The pressure on Ruth to respond to the press of events mounted throughout the day. Thanks to the good advice of counsel and his own innate sense of decency, he had maintained a degree of dignity that had eluded virtually everyone else connected to the tragedy. He had managed it largely by remaining quiet and by remaining out of sight. Now he invited twenty reporters to his suite in the Brunswick. “I’m in a hell of a fix boys,” he said, his voice breaking. “This thing has licked me. The shock has been terrible. I hold nothing against my wife. She was the victim of circumstances. I still love her. I have fine memories of her.”
Then, gulping for air and composure: “What I’m going to say I can say in a very few words. Please leave my wife alone. Let her stay dead.”
No one, including her family, would let Helen be.
MRS. RUTH MURDERED, HER MOTHER DECLARES
BALL PLAYER REFUSED DEMAND FOR $100,000 WITH CONTEMPLATED RENO DIVORCE
—PALM BEACH POST, JANUARY 15
The story, another courtesy of the Universal Service, detailed a meeting in Christy Walsh’s New York office in December, attended by Helen and her youngest sister, Nora, at which Babe told her he wanted a divorce so that he could marry Claire Hodgson. Except for the resurrection of the 1925 front-page photograph by some newspapers around the country, Claire had managed to stay out of sight. And Ruth, in his mourning clothes and somber silence, had cut a sympathetic figure while Helen’s reputation had been torched—as a married woman living with another man, her funeral service could not be conducted in a Catholic Church.

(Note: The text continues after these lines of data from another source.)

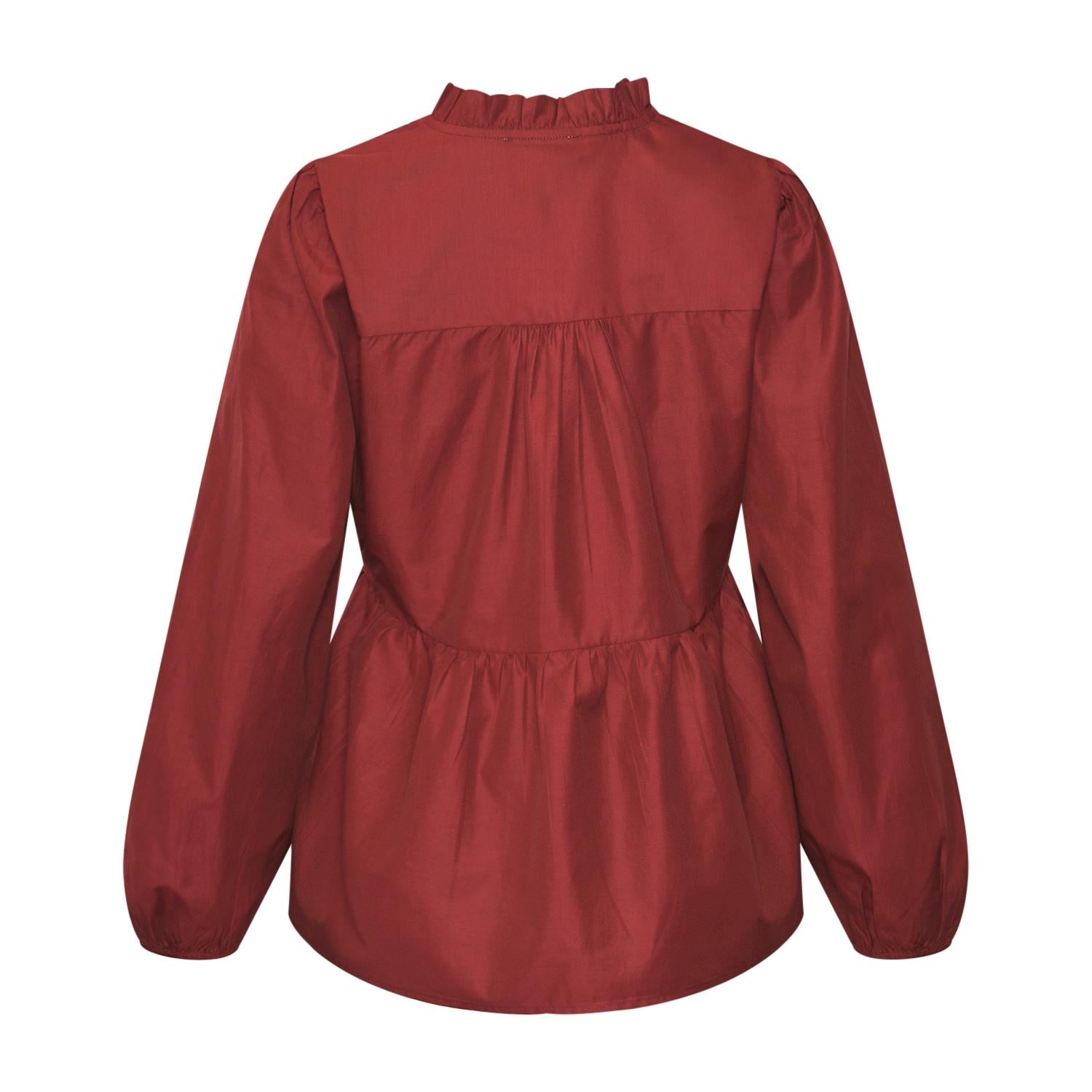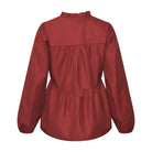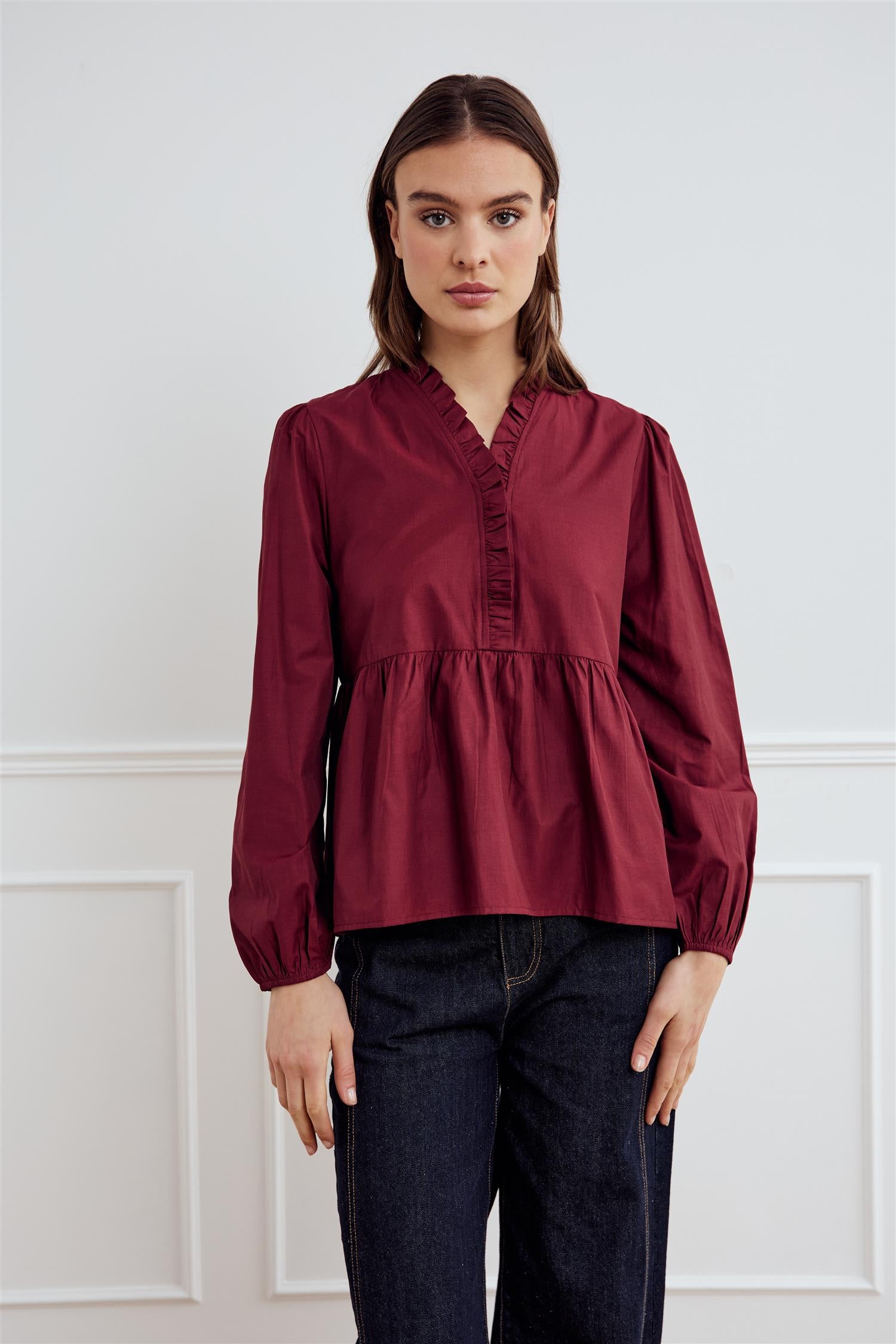 Denne elegante blusen har en flatterende V-hals utsmykket med delikate rysjer og strikk rundt håndledd.
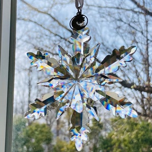 Crystal Snowflake Suncatcher – Iridescent Hanging Ornament for Windows, Holiday Light Catcher Décor
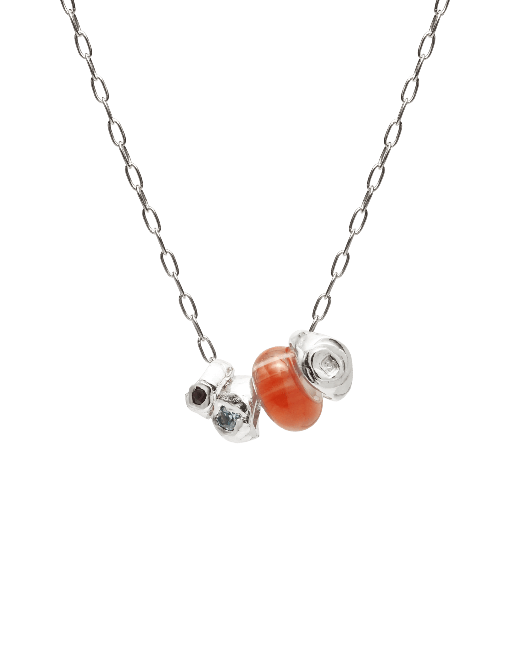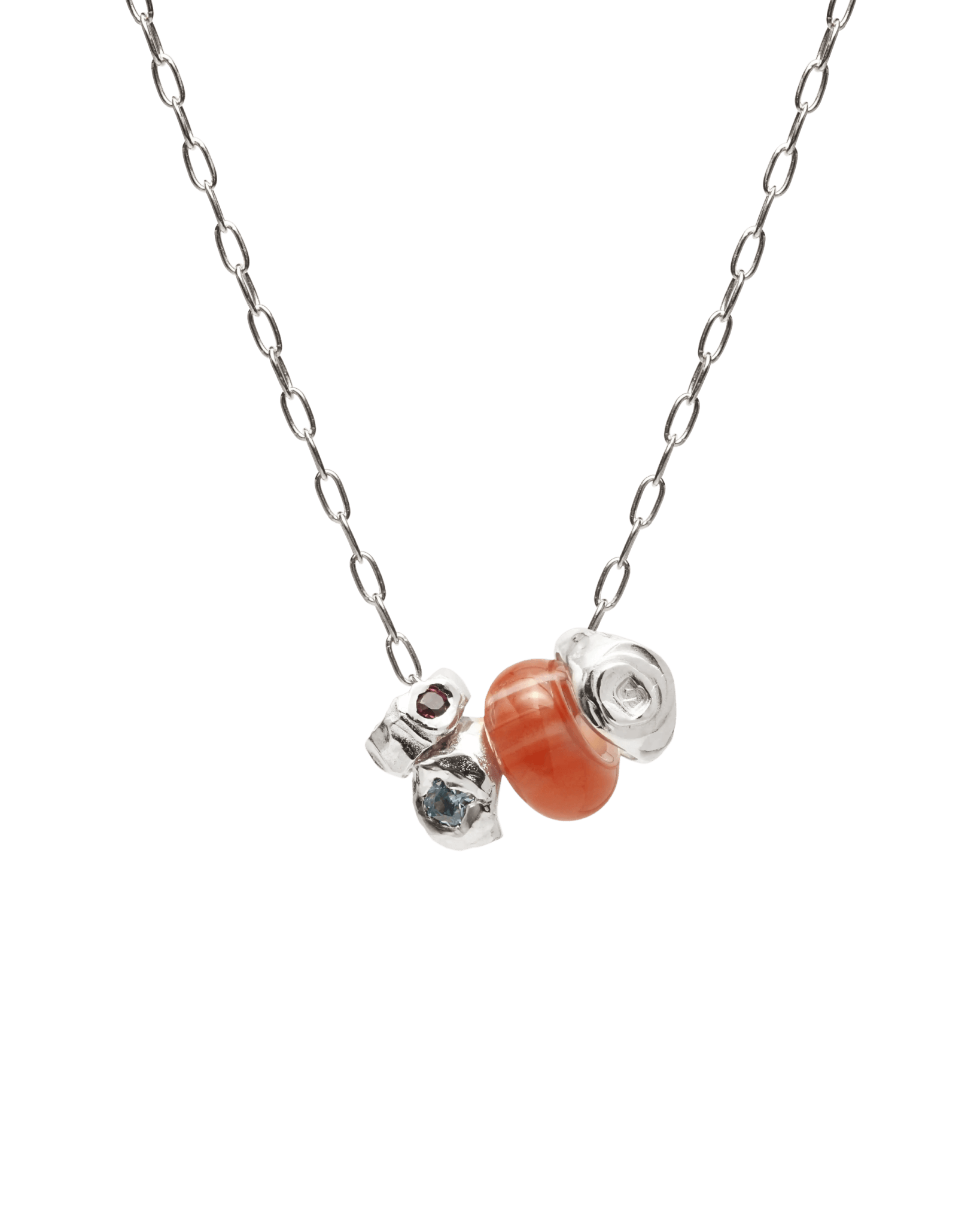 Kameny: Korálek z oranžového achátu, modrý zirkon, růžový granát.
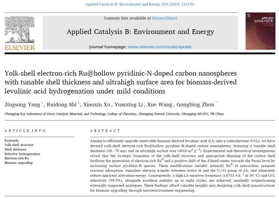 近日,我院在生物质升级转化领域取得重要进展,相关成果以《Yolk-shell electron-rich Ru@hollow pyridinic-N-doped carbon nanospheres with tunable shell thickness and ultrahigh surface area for biomass-derived levulinic acid hydrogenation under mild conditions》为题在线发表于催化领域国际顶级学术期刊《Applied Catalysis B: Environment and Energy》(中科院大类一区TOP期刊,影响因子22.1),我院研究生杨京嵩为第一作者,周功兵教授为唯一通讯作者,我校为唯一署名单位。
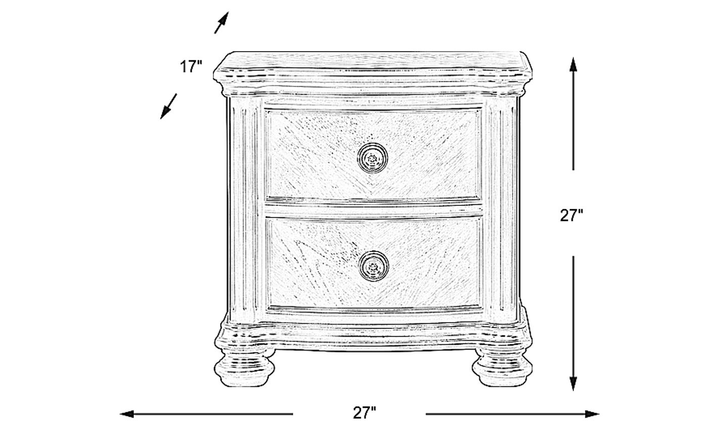 Practical and pretty, the Anastasia nightstand lends traditional style to your sleeping space. Made with oak veneers with a classic brown finish, the nightstand offers two storage drawers for keeping essentials out of sight. Turned legs and metallic hardware create an elegant finishing touch.
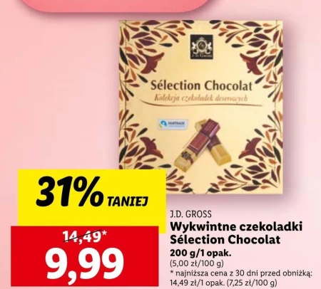J.D. GROSS Wykwintne czekoladki Sélection Chocolat 200 g/1 opak. (5,00 zł/100 g) * najniższa cena z 30 dni przed obniżką: 14,49 zł/1 opak. (7,25 zł/100 g)
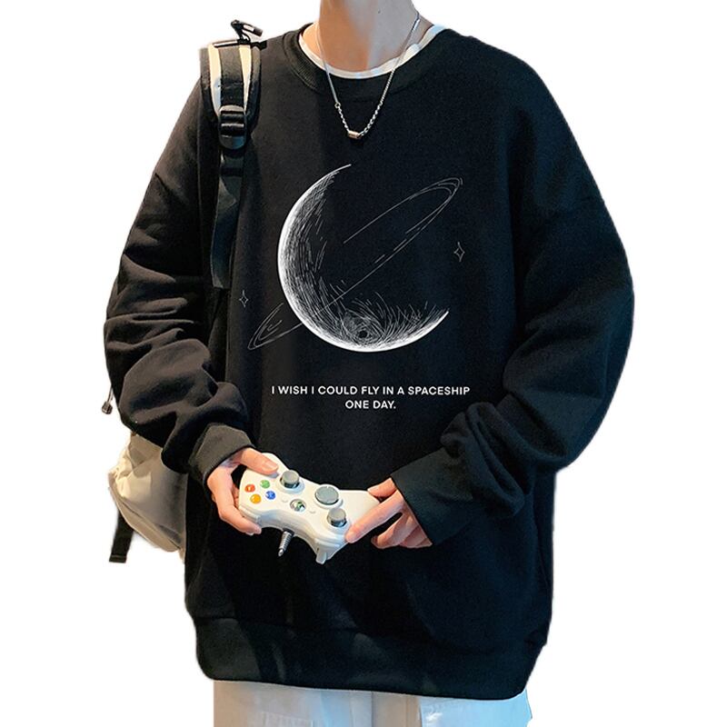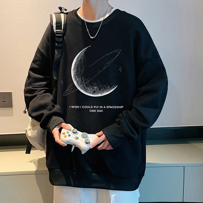 Long-sleeved T-shirt men's spring and autumn round neck trend black top shirt bottoming shirt loose printing pullover men's sweater ロング ブラック スプリング 春物 オータム 秋物 Oネック Tシャツ doushi89192720621
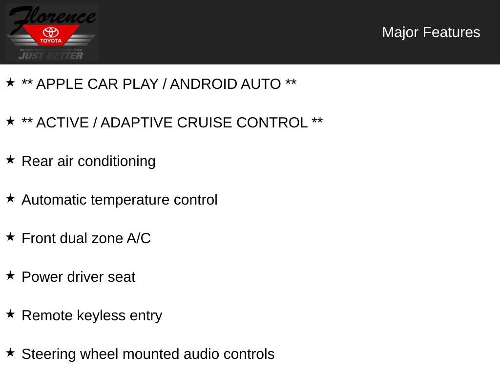 At Florence Toyota, come see how our USED CARS are JUST BETTER. We offer the following benefits: Lifetime Power Train (Some exclusions apply), 1st Year Maintenance, $500 Additional Trade In Appraisal, 72 Hour Vehicle Exchange Program, Yearly Vehicle Appraisal & Safety Inspection, VIP Loyalty Program, Routine Express Service, Courtesy Service Shuttle, Express Buying Service. Also, as an added benefit, we will buy your vehicle even if you don't buy ours!! Call today (866)830-0793 or visit us at www.florencetoyota.com *Customer must trade-in a vehicle to receive $1,000 Trade Assist credit that is included in the online price. **Financing must be provided by a third-party lender using this dealership's assistance for Customer to receive $1,000 Financing Assist credit that is included in the online price. See dealer for complete details.
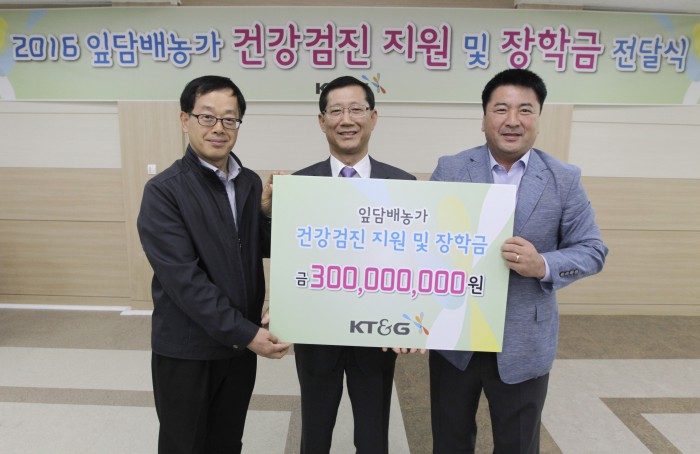 KT&G는 잎담배 경작인 1004명에 대한 종합 건강검진비와 저소득 농가 자녀 39명의 장학금 등으로 3억원을 지원한다고 16일 밝혔다.
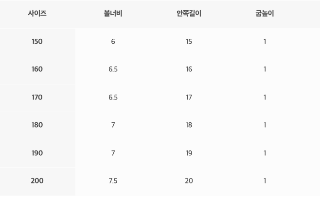 韓文由左至右為:尺寸、鞋寬、腳長、跟高
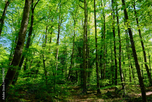 Obraz premium Beech forest in spring in the Fageda d'en Jordà, Girona, Spain
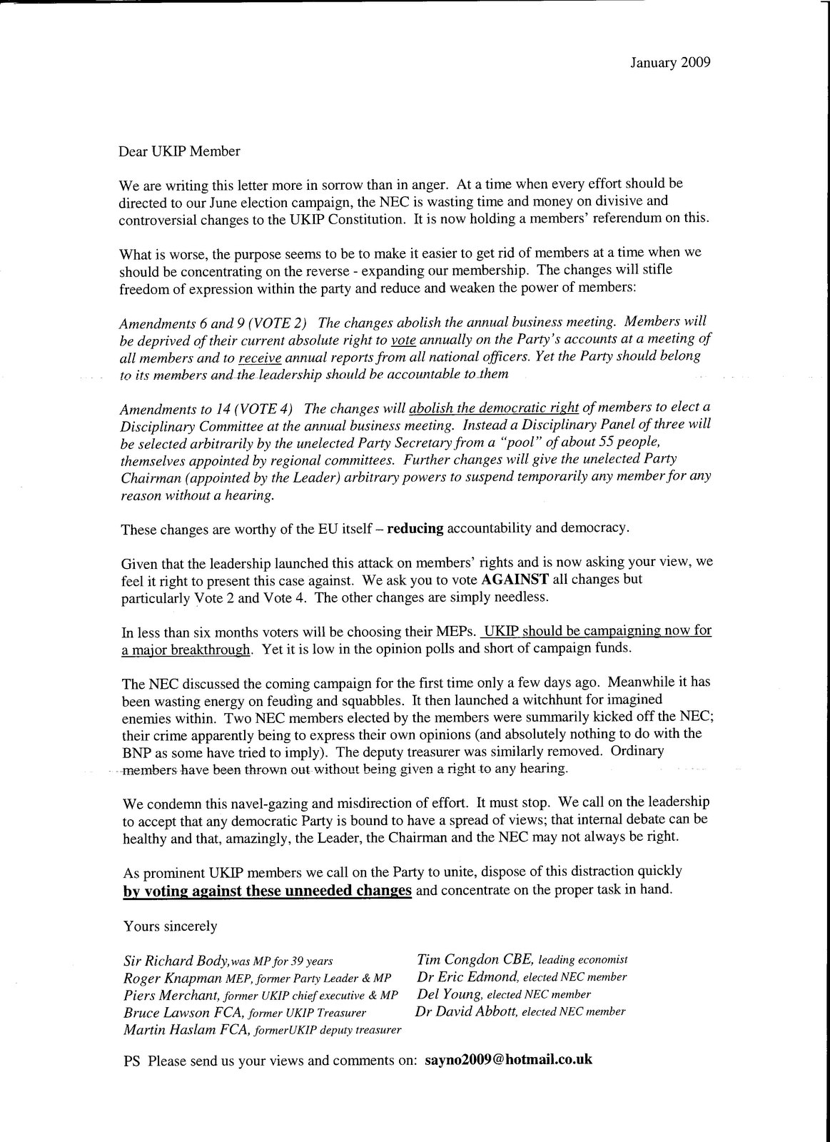 We are writing this letter more in sorrow than in anger. At a time when every effort should be directed to our June election campaign, the NEC is wasting time and money on divisive and controversial changes to the UKIP constitution. It is now holding a members’ referendum on this.
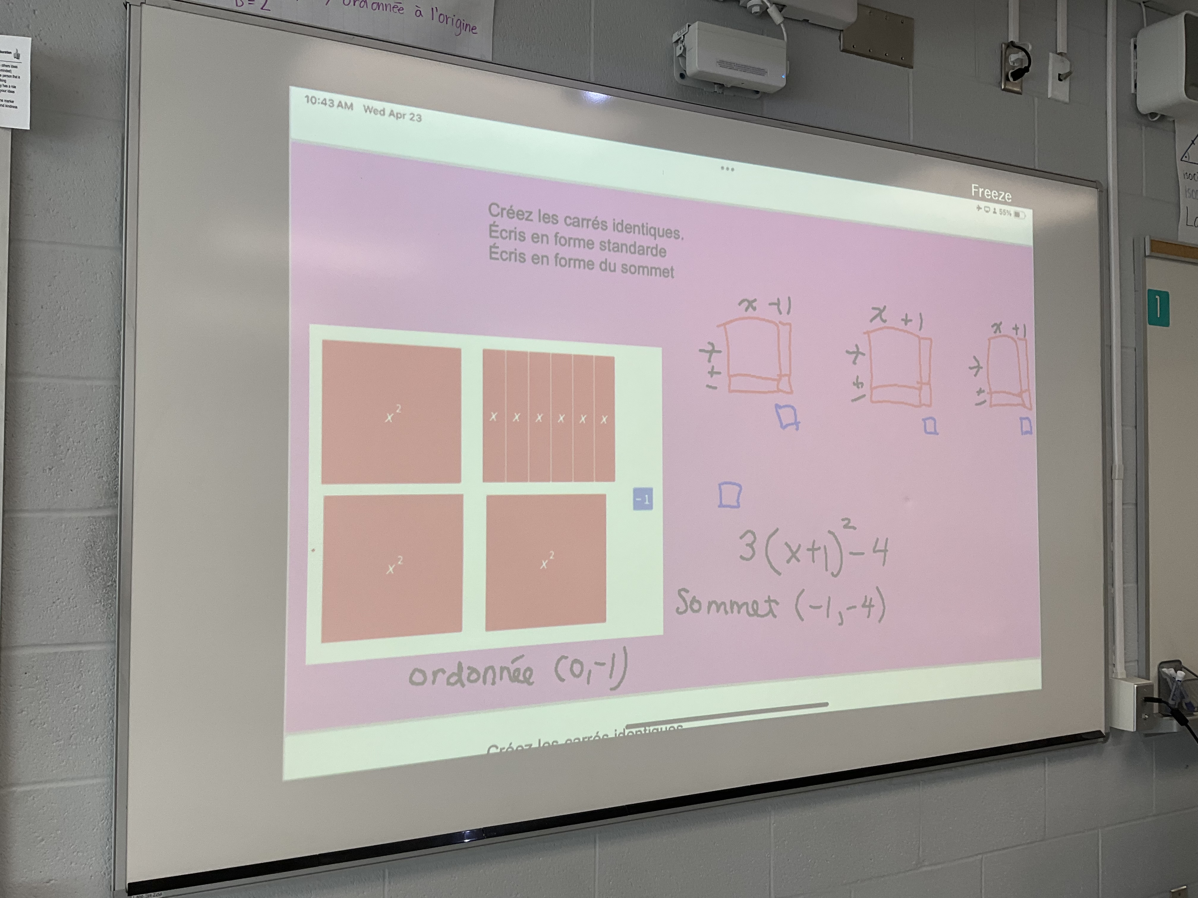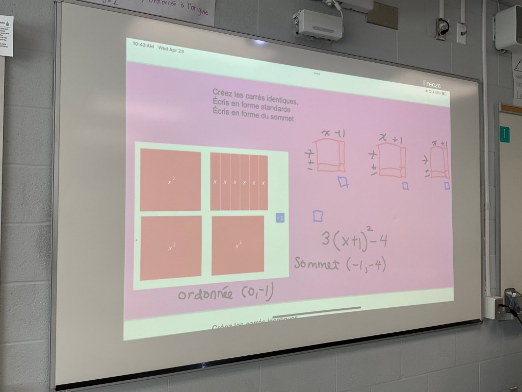 Today was completing the square day in several grade 10 classes. We used algebra tiles to work on understanding how to complete the square to write a quadratic in vertex form.
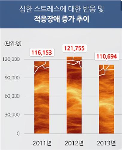 20일 건강보험심사평가원에 따르면 '심한 스트레스에 대한 반응 및 적응장애'로 진료를 받은 환자의 수는 2011년 11만5천명, 2012년 12만1천명, 2013년 11만명 등으로 3년간 연평균 11만5천명이었다.
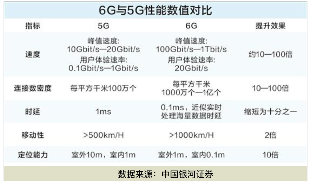 6G即第六代移动通信技术,是相对于当下已商用的5G的演进技术。6G传输速率相较5G提升10—100倍,达100Gbps(千兆比特每秒)以上,时延压缩至微秒级,连接数量上,可支持每平方公里千万级设备接入。

Nora had lived with Babe and Helen at the Ansonia in the early years of their marriage and had gotten a taste of their high life. Babe introduced her to Flo Ziegfeld and suggested she might like to join the Follies. She declined, according to her dau
ghters, because she didn’t want to run around in short skirts.
Sitting in the family parlor with her mother, waiting for the Boston medical examiner to complete his autopsy and issue a death certificate in Helen’s real name, Nora told reporters about accompanying her sister on subsequent trips to New York to see the Babe play ball and getting an eyeful of Claire as well. “She was popular with the players from the way she was greeted by most of them,” Nora said. “Helen pointed her out to me and remarked, rather grimly, ‘That’s Claire.’”
Helen had been coached by her attorney and had a ready reply when Babe informed her that he wanted a divorce, so he could give Claire’s daughter, Julia, a last name, Nora said, re-creating the conversation between Helen and Babe in Walsh’s office for the Universal Service reporter.
Well, Helen said to him—and Christy Walsh will tell you this is so:
“All right, I’ll go to Reno and get a divorce quietly so your reputation in baseball won’t be ruined but you’ve got to pay my expenses out there and give me one hundred thousand dollars.”
And ‘Babe’ told her to go to hell, that he had given her enough money already.
Mrs. William Woodford, 60-year old mother of the dead woman, said she was familiar with this story and that it was all true.
“So, you see, my daughter didn’t marry Dr. Kinder.”
And, she added, climactically, with a fierce gleam in her ordinarily faded eyes:
“Helen never died by accident. She was done to death.”
Nora also told the reporter that Ruth had chased Helen around the Sudbury farm with a loaded shotgun.
The attorney retained by the Woodfords immediately issued a statement saying that Nora was not authorized to speak on behalf of the family.
Asked to respond, Ruth again exercised unaccustomed understatement. “It isn’t true. That’s all I have to say about the charges at the present time.”
In the same story, also carried by the St. Louis Post-Dispatch, Edward Kinder acknowledged that he and Helen had lived together as man and wife “off and on for almost two years.”